OpenStackDeployment Admission Controller

The CustomResourceDefinition resource in Kubernetes uses the OpenAPI Specification version 2 to specify the schema of the resource defined. The Kubernetes API outright rejects the resources that do not pass this schema validation.

The language of the schema, however, is not expressive enough to define a specific validation logic that may be needed for a given resource. For this purpose, Kubernetes enables the extension of its API with Dynamic Admission Control.

For the OpenStackDeployment (OsDpl) CR the ValidatingAdmissionWebhook is a natural choice. It is deployed as part of OpenStack Controller by default and performs specific extended validations when an OsDpl CR is created or updated.

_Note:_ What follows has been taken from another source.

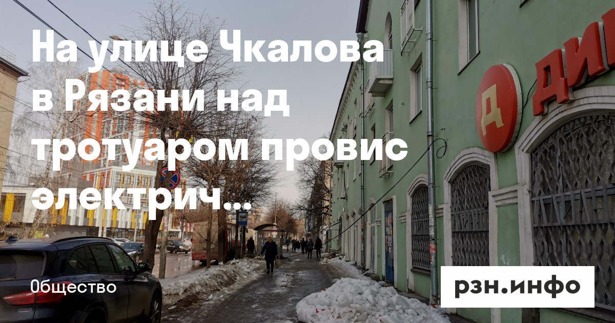 На улице Чкалова в Рязани над тротуаром провис электрический провод. Об этом РЗН. Инфо сообщил читатель.

The inexhaustive list of additional validations includes:

  • Deny the OpenStack version downgrade

  • Deny the OpenStack version skip-level upgrade

  • Deny the OpenStack master version deployment

  • Deny upgrade to the OpenStack master version

  • Deny upgrade if any part of an OsDpl CR specification changes along with the OpenStack version

Under specific circumstances, it may be viable to disable the Admission Controller, for example, when you attempt to deploy or upgrade to the master version of OpenStack.


Mirantis does not support MOSK deployments performed without the OpenStackDeployment Admission Controller enabled. Disabling of the OpenStackDeployment Admission Controller is only allowed in staging non-production environments.

To disable the Admission Controller, ensure that the following structures and values are present in the openstack-controller HelmBundle resource:

kind: HelmBundle
  name: openstack-operator
  namespace: osh-system
  - name: openstack-operator
        enabled: false

At that point, all safeguards except for those expressed by the CR definition are disabled.